Oh, wie schön ist Karneval

Vor einigen Tagen habe ich Sie, liebe Leser, mit einer Schilderung meines Lampenfiebers belästigt. Ich sollte zum ersten Mal in meinem Leben auf einem Karnevalswagen mitfahren.Einerseits eine einmalige Gelegenheit für einen aus Norddeutschland Zugezogenen, andererseits war ich aber auch ganz schön nervös.

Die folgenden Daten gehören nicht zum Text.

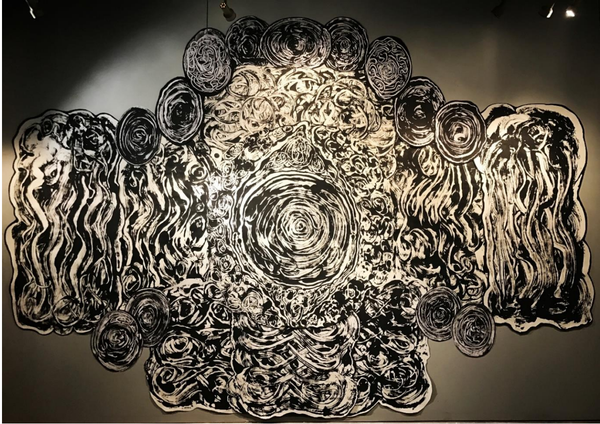
Figure 1: Tunnel
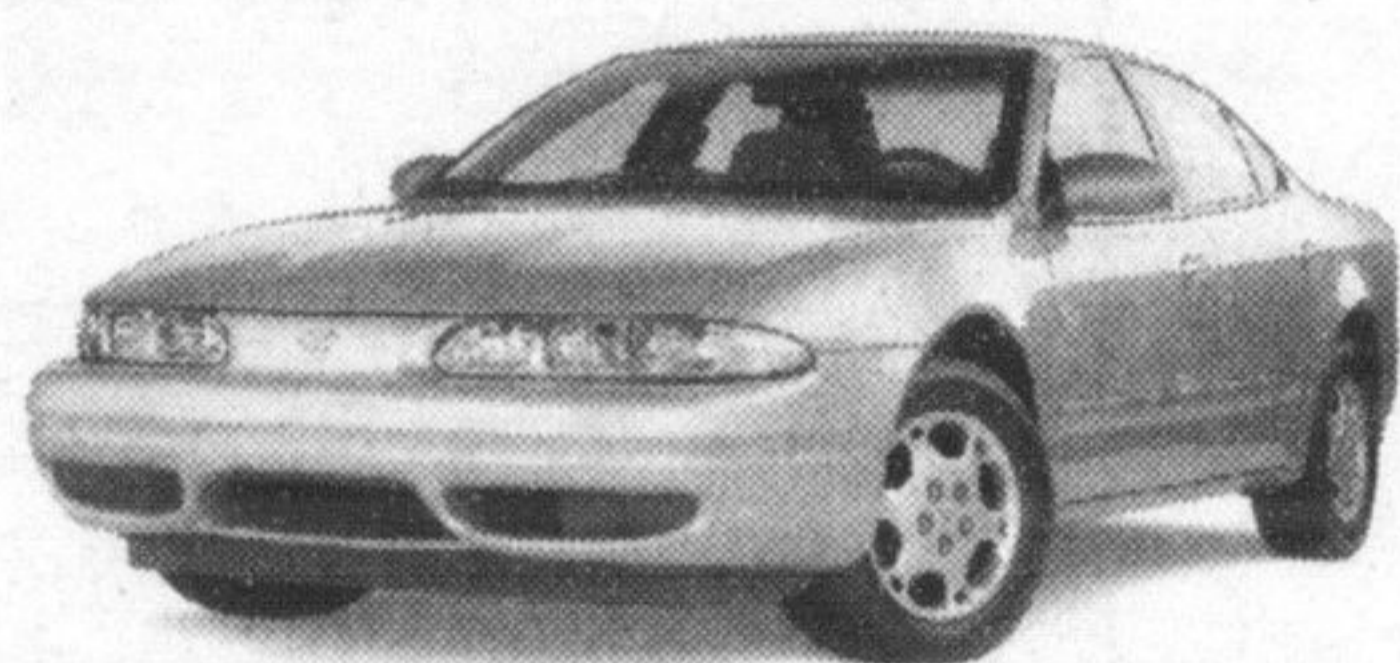
ALERO GX SEDAN BY OLDSMOBILE

Viele meiner spießigen Ängste waren glücklicherweise vollkommen unbegründet. Etwa die Sorge, ich könnte in einem mit goldenen Pailletten bestickten Sakko, mit goldener Fliege und einem goldenen Zylinder möglicherweise etwas unseriös wirken. Das Gefühl verschwindet in einer Gruppe von 25 Menschen mit goldenen Paillettensakkos und goldenen Zylindern sofort und kommt auch nie mehr wieder. Nicht mal bei der Rückfahrt allein in der U-Bahn.

Auf Rat der Kollegen hatte ich das Risiko von Frostbeulen von vorneherein durch den geschickten Einsatz von im Verwandtenkreis zusammengeborgter Funktionsunterwäsche minimiert. Dabei bin ich sogar übers Ziel hinausgeschossen: Da ein Paillettensakko ähnlich funktioniert wie ein Sonnenkollektor, wäre ich am Ende fast dehydriert, denn die Aufnahme von Flüssigkeit hatte ich gegen Mitternacht des Vortags vorsichtshalber eingestellt - um die Benutzung der Behelfstoilette auf dem Karnevalswagen zu vermeiden. Leider konnte ich während der Fahrt nicht einmal das Stirnband aus Fleece ablegen, denn es war das einzige, was meinen Zylinder daran hinderte, mir über Ohren und Augen zu rutschen.

Das wiederum war gut, denn so konnte ich Milliarden und Abermilliardenfröhlicher Menschen sehen, die am ersten Sommerwochenende des Jahres, mitten in der Fastenzeit ausgelassen und friedlich Karneval feierten. Viele waren verkleidet: als Prinzessinnen, Eisbären, Piraten oder Superhelden; manche waren offenbar sogar aus Nordafrika angereist und einige klangen fast ein bisschen wie Kölner.

Und ich habe eine neue Leidenschaft entdeckt: Kamelle werfen. Anfangs habe ich versucht, Kinder glücklich zu machen, die mit ihren kleinen, gierigenHänden nach Bonbons greifen, von deren Verzehr ein anständiger deutscher Zahnarzt vermutlich eher abraten dürfte. Doch dann habe ich etwas viel, viel Besseres entdeckt: Haben Sie mal beobachtet, was passiert, wenn man nach einem verlängerten Wochenende Fischfutter in ein Aquarium ausgehungerter Guppys streut? Exakt dasselbe geschieht, wenn man gelbe Plastikentchen in Grüppchen angetrunkener Damen mittleren Alters wirft. Groß-ar-tig!

Das hätte mir doch mal vorher jemand sagen können, dass Karneval so lustig ist! Dann hätte ich mir bestimmt nicht solche Sorgen gemacht. Im nächsten Jahr würde ich jedenfalls gern wieder mit auf den Wagen. Wenn ich darf. Bitte!